▶ **Data in this exercise**:

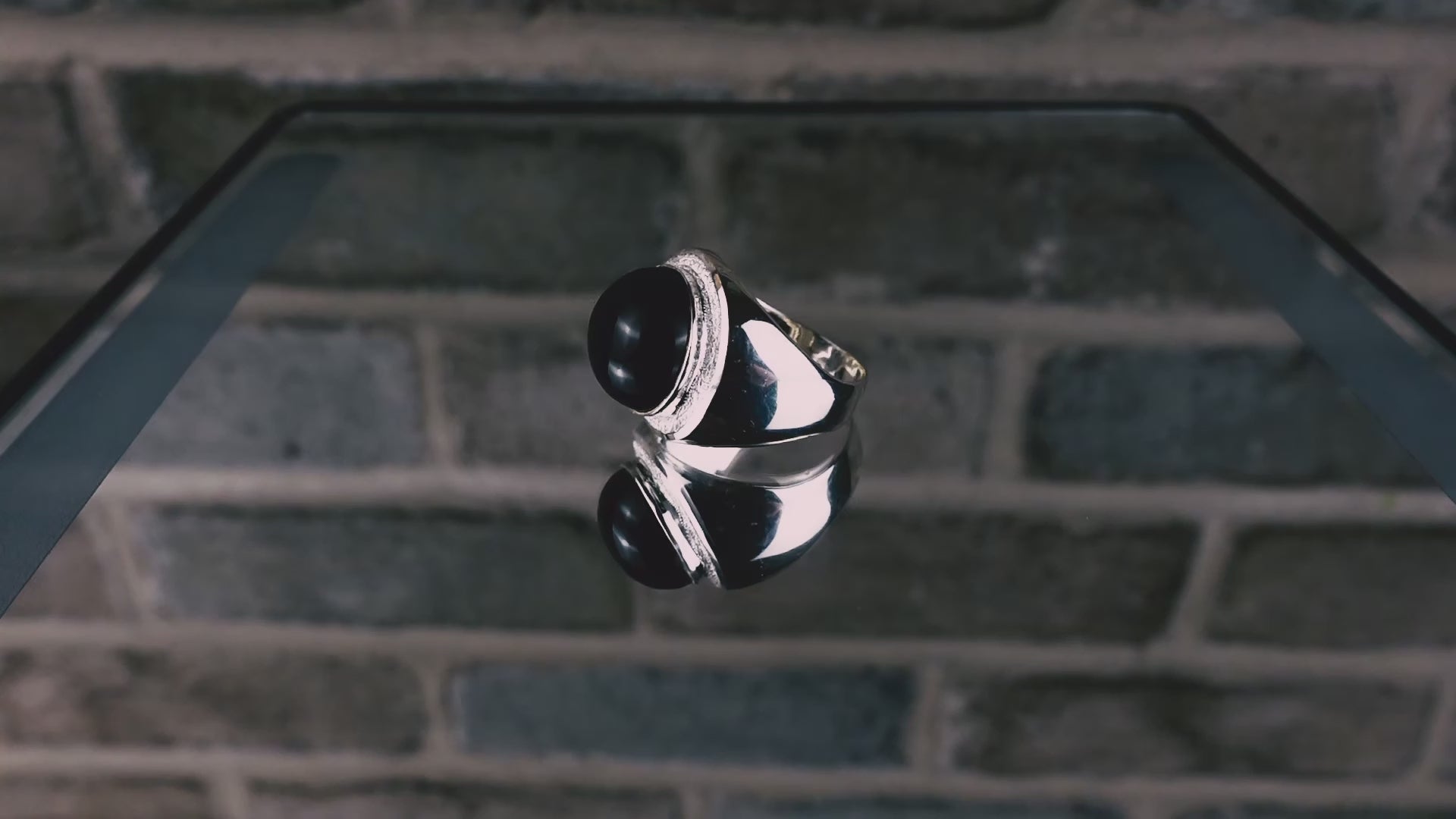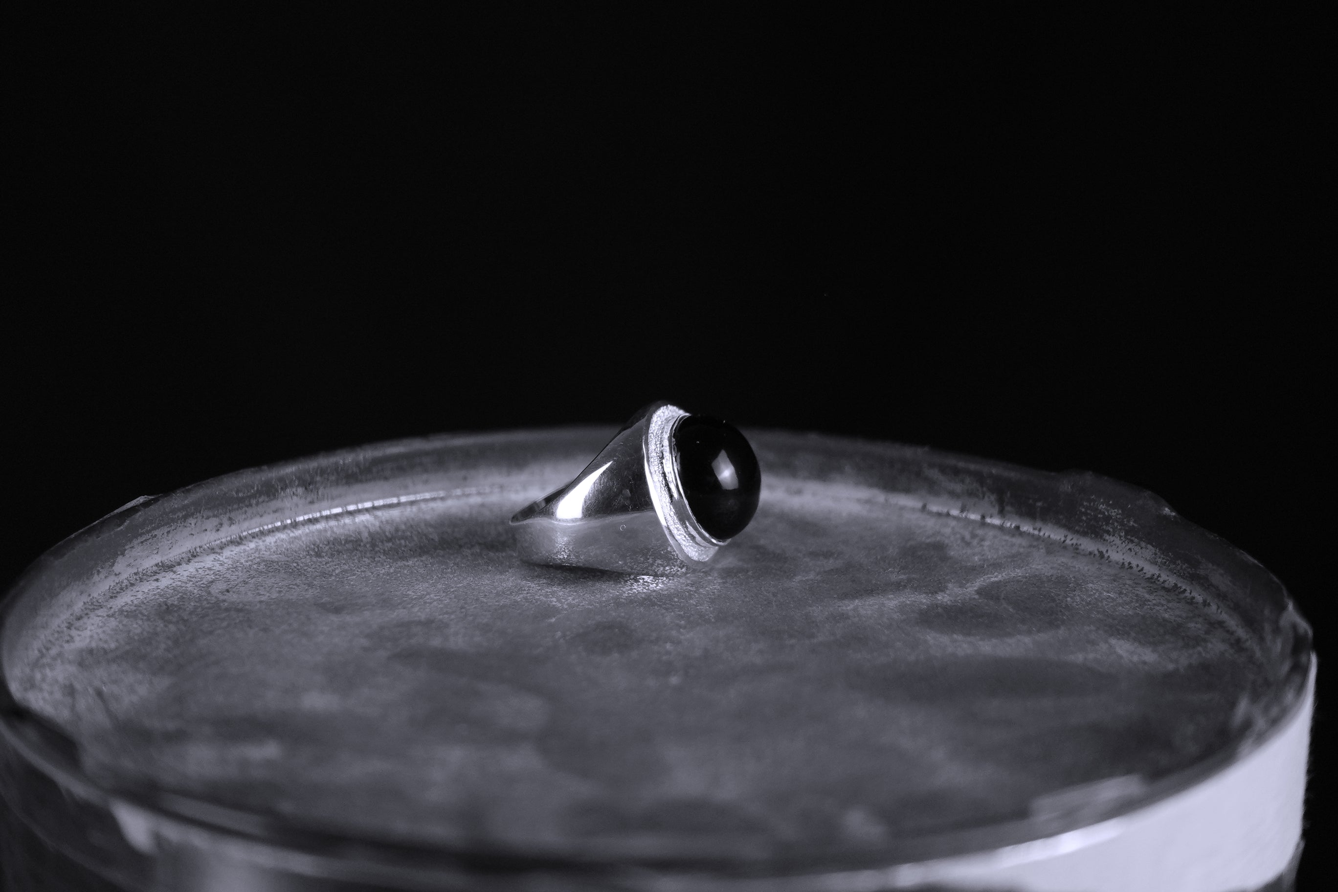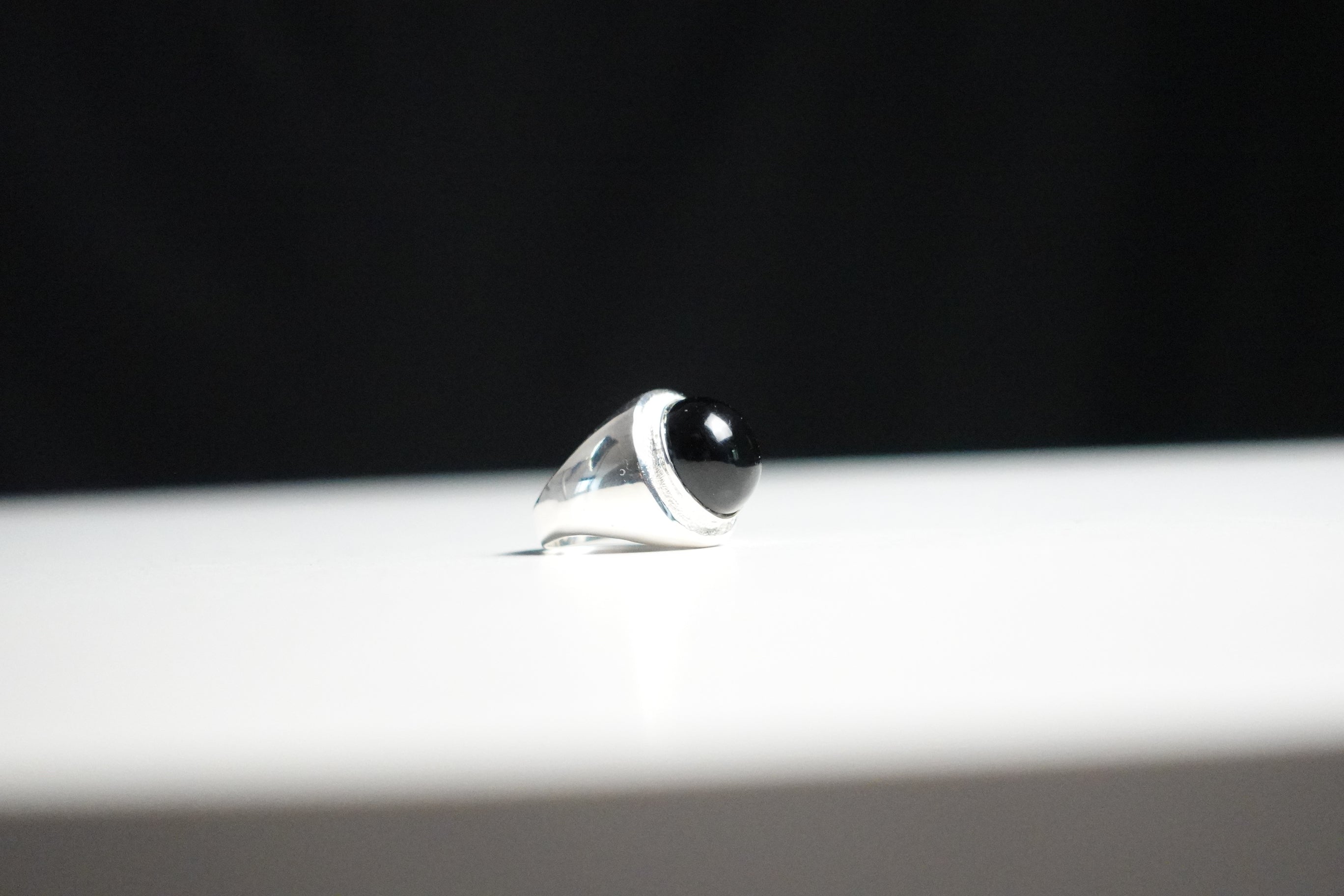 Handcrafted 925 Serling Silver with 14 mm polished black semi-precious Obsidian Dome
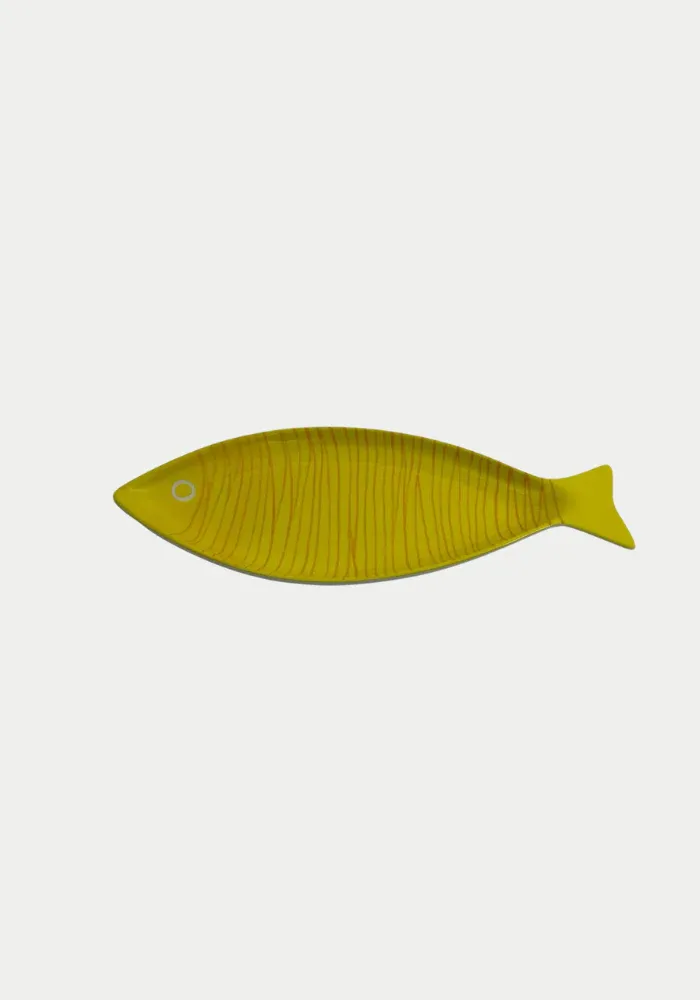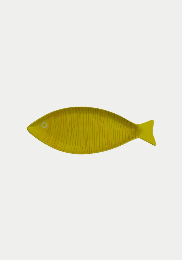 Vide-poche Lemon en céramique en forme de poisson, jaune avec détails orangés pour représenter les écailles du poisson.
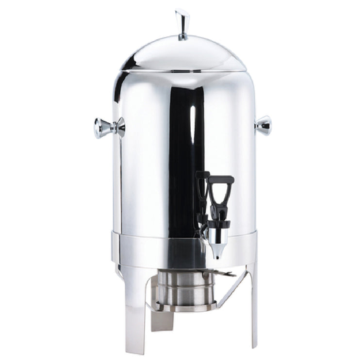 The Browne Foodservice 575178 Harmony Coffee Urn is a meticulously crafted stainless steel unit with a mirror finish, designed to cater to diverse coffee serving needs. With a generous capacity of 11 quarts, this urn efficiently serves up to 44 servings of 8-ounce cups, making it ideal for large gatherings or high-demand service environments. Its dimensions - 12 inches by 12-1/2 inches by 20 inches - ensure a compact yet spacious design, suitable for various settings, from buffets to conference rooms. The urn is equipped with a fuel cup holder, promoting ease of use and consistent heat distribution throughout its operation. A standout feature is its removable faucet, which offers optional hands-free operation, enhancing usability and hygiene - critical considerations in foodservice operations. The Harmony Coffee Urn's combination of functionality, capacity, and design makes it a valuable asset for caterers, event organizers, and hospitality venues aiming to provide seamless beverage service. Its polished appearance complements its superior performance, ensuring that both guests and service professionals appreciate its presence and utility within an array of service environments.
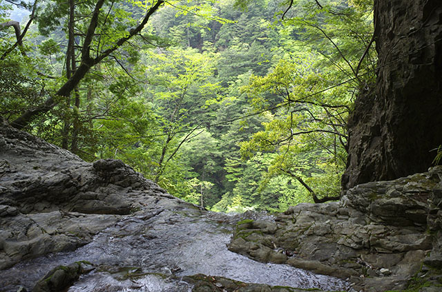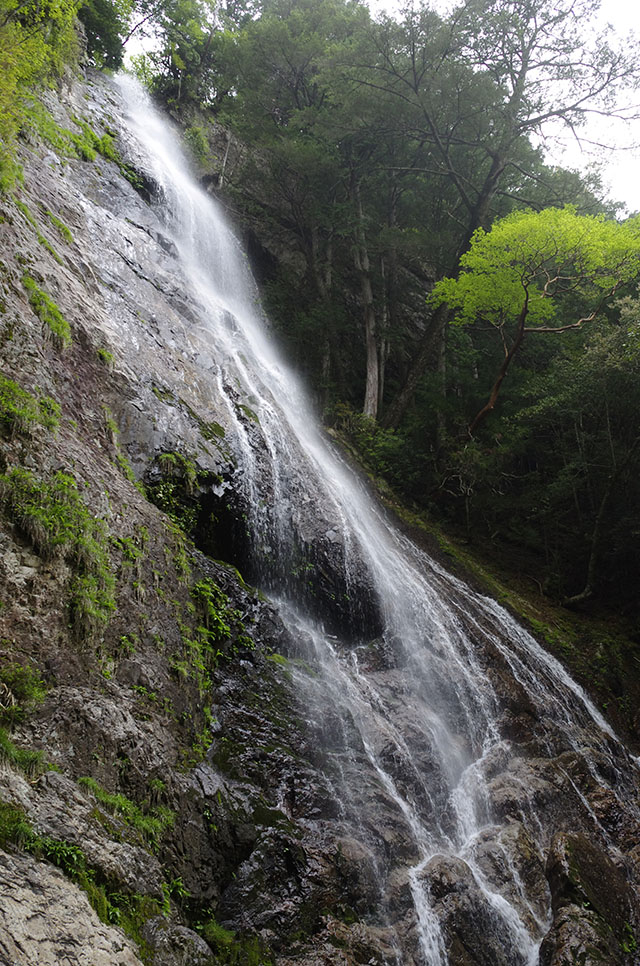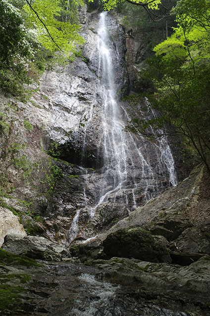三重の滝は上段が馬頭の滝(落差60m)、中段が千手の滝(落差50m)、下段が不動の滝(落差45m)となっているが、一般の人が見ることができるのはこの千手の滝だけのようだ.千手の滝の右側の崖を登ると滝見台と呼ばれる場所があるらしいが、渡渉するのが厄介なので今回は諦めてこのまま引き返すことにする.
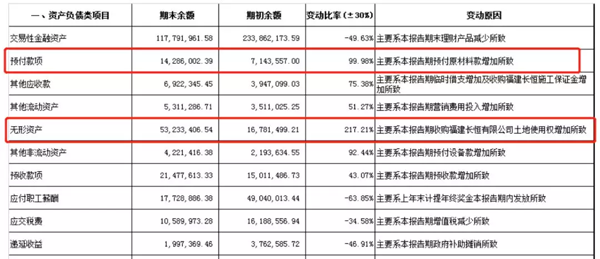 從上圖可知,海欣資產(chǎn)負債增幅最大的兩項是無形資產(chǎn)和預付款項。
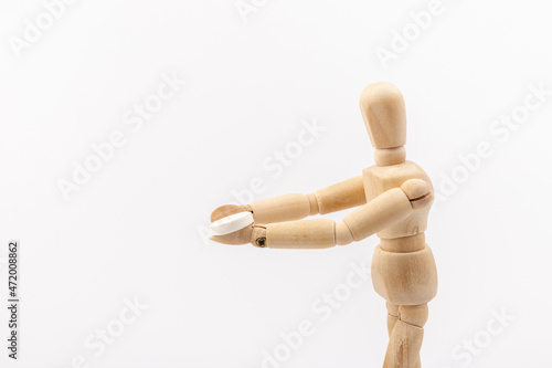 Wooden mannequin with pills on white background. Concept of pharmaceuticals and supplements.
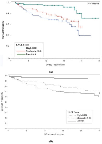 According to the Kaplan–Meier curves illustrated in Figure 3A,B, a LACE score below 4 had a lower readmission likelihood than a moderate (5–9) or high score (>10). The log-rank test showed a statistically significant (p < 0.05) higher likelihood of a 30-day readmission in patients with AMI.
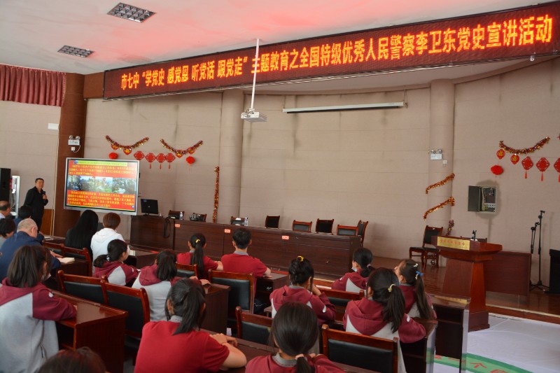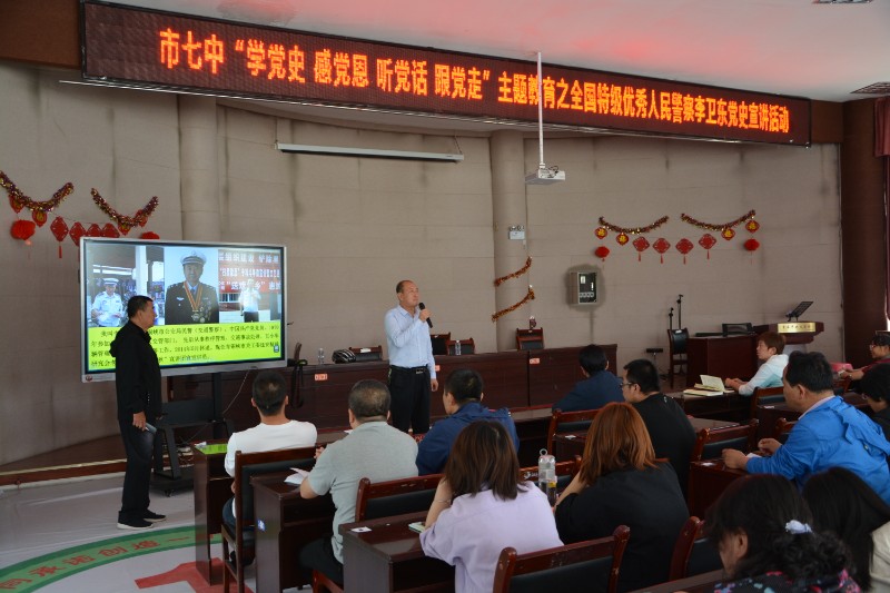 2021年5月26日下午青铜峡市第七中学邀请全国特级优秀人民警察李卫东同志为我校老师和同学们进行了“传播爱党、爱国、爱人民思想”的党史宣讲活动。
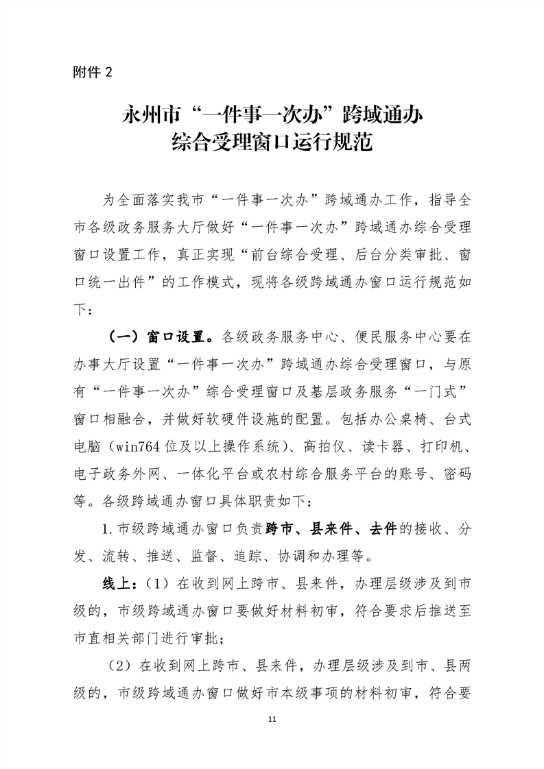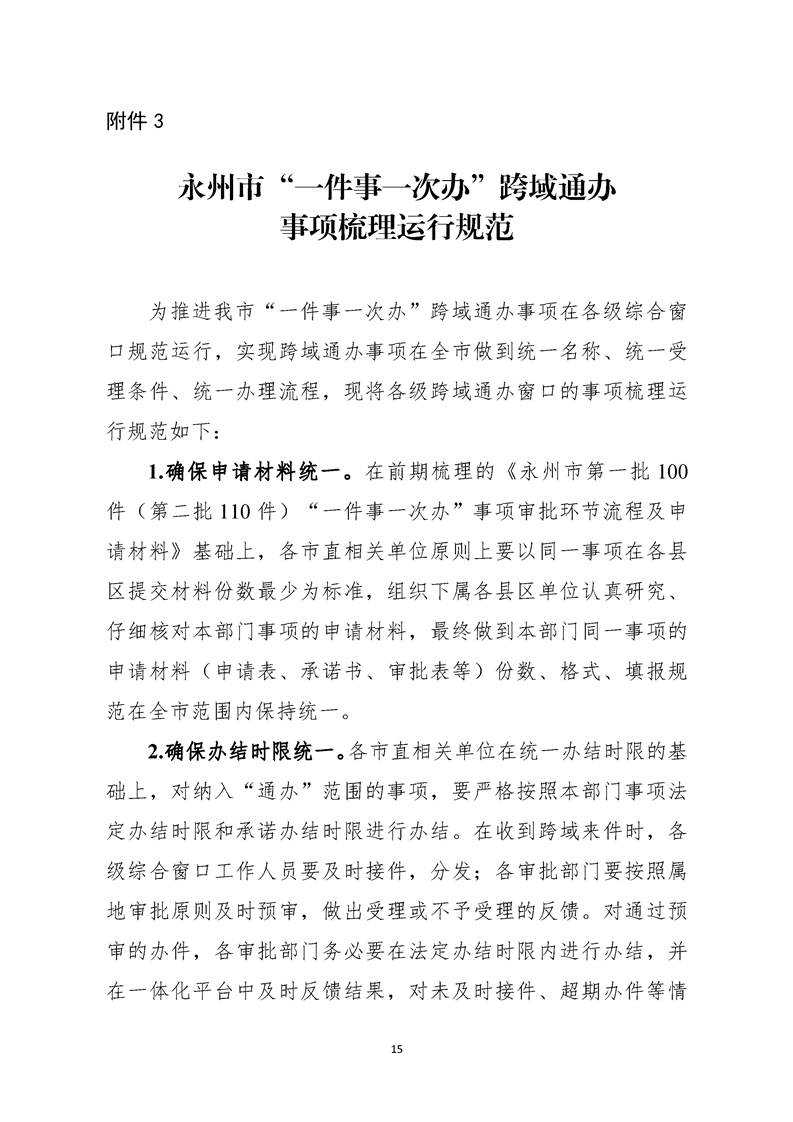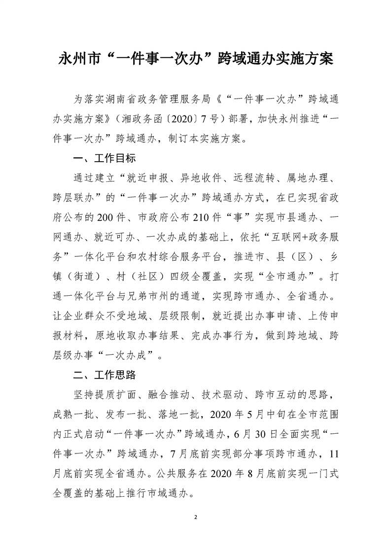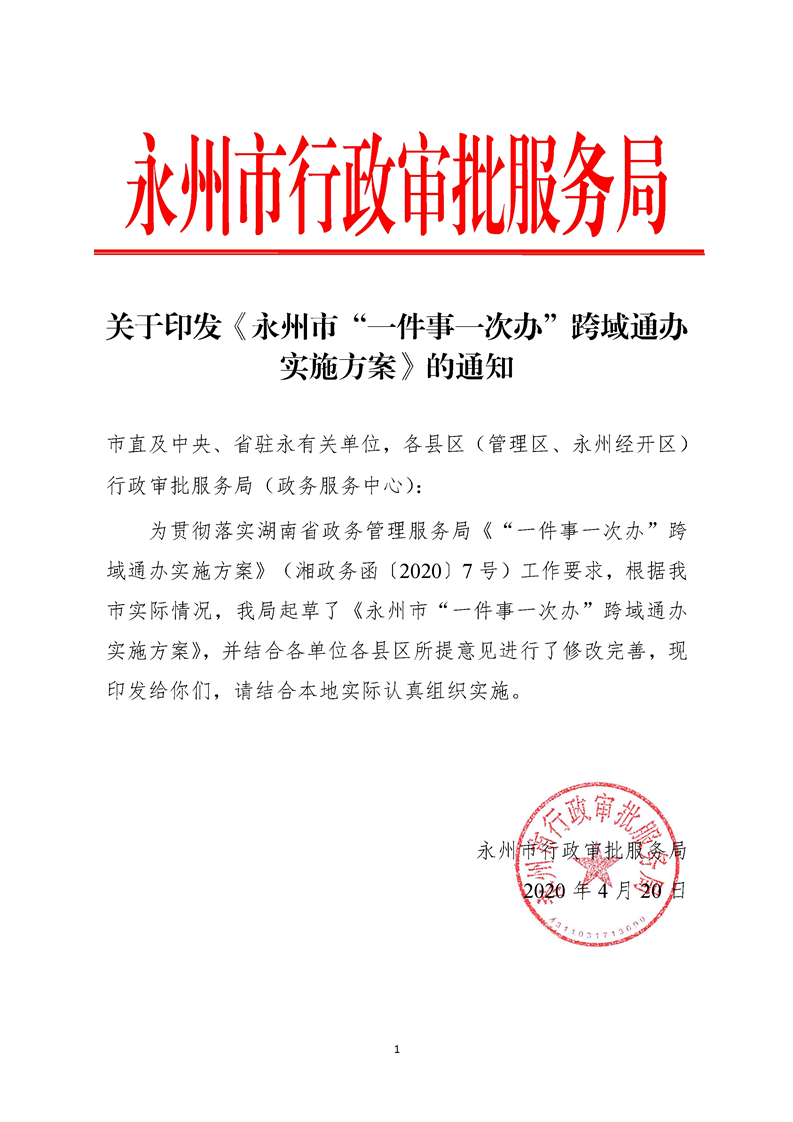 关于印发《永州市“一件事一次办”跨域通办实施方案》的通知

▶ **Work instruction**: Print out the complete listing above exactly, dropping each image.

▶ **Task output**:
 Handcrafted 925 Serling Silver with 14 mm polished black semi-precious Obsidian Dome
 Vide-poche Lemon en céramique en forme de poisson, jaune avec détails orangés pour représenter les écailles du poisson.
 The Browne Foodservice 575178 Harmony Coffee Urn is a meticulously crafted stainless steel unit with a mirror finish, designed to cater to diverse coffee serving needs. With a generous capacity of 11 quarts, this urn efficiently serves up to 44 servings of 8-ounce cups, making it ideal for large gatherings or high-demand service environments. Its dimensions - 12 inches by 12-1/2 inches by 20 inches - ensure a compact yet spacious design, suitable for various settings, from buffets to conference rooms. The urn is equipped with a fuel cup holder, promoting ease of use and consistent heat distribution throughout its operation. A standout feature is its removable faucet, which offers optional hands-free operation, enhancing usability and hygiene - critical considerations in foodservice operations. The Harmony Coffee Urn's combination of functionality, capacity, and design makes it a valuable asset for caterers, event organizers, and hospitality venues aiming to provide seamless beverage service. Its polished appearance complements its superior performance, ensuring that both guests and service professionals appreciate its presence and utility within an array of service environments.
三重の滝は上段が馬頭の滝(落差60m)、中段が千手の滝(落差50m)、下段が不動の滝(落差45m)となっているが、一般の人が見ることができるのはこの千手の滝だけのようだ.千手の滝の右側の崖を登ると滝見台と呼ばれる場所があるらしいが、渡渉するのが厄介なので今回は諦めてこのまま引き返すことにする.
 從上圖可知,海欣資產(chǎn)負債增幅最大的兩項是無形資產(chǎn)和預付款項。
 Wooden mannequin with pills on white background. Concept of pharmaceuticals and supplements.
 According to the Kaplan–Meier curves illustrated in Figure 3A,B, a LACE score below 4 had a lower readmission likelihood than a moderate (5–9) or high score (>10). The log-rank test showed a statistically significant (p < 0.05) higher likelihood of a 30-day readmission in patients with AMI.
 2021年5月26日下午青铜峡市第七中学邀请全国特级优秀人民警察李卫东同志为我校老师和同学们进行了“传播爱党、爱国、爱人民思想”的党史宣讲活动。
 关于印发《永州市“一件事一次办”跨域通办实施方案》的通知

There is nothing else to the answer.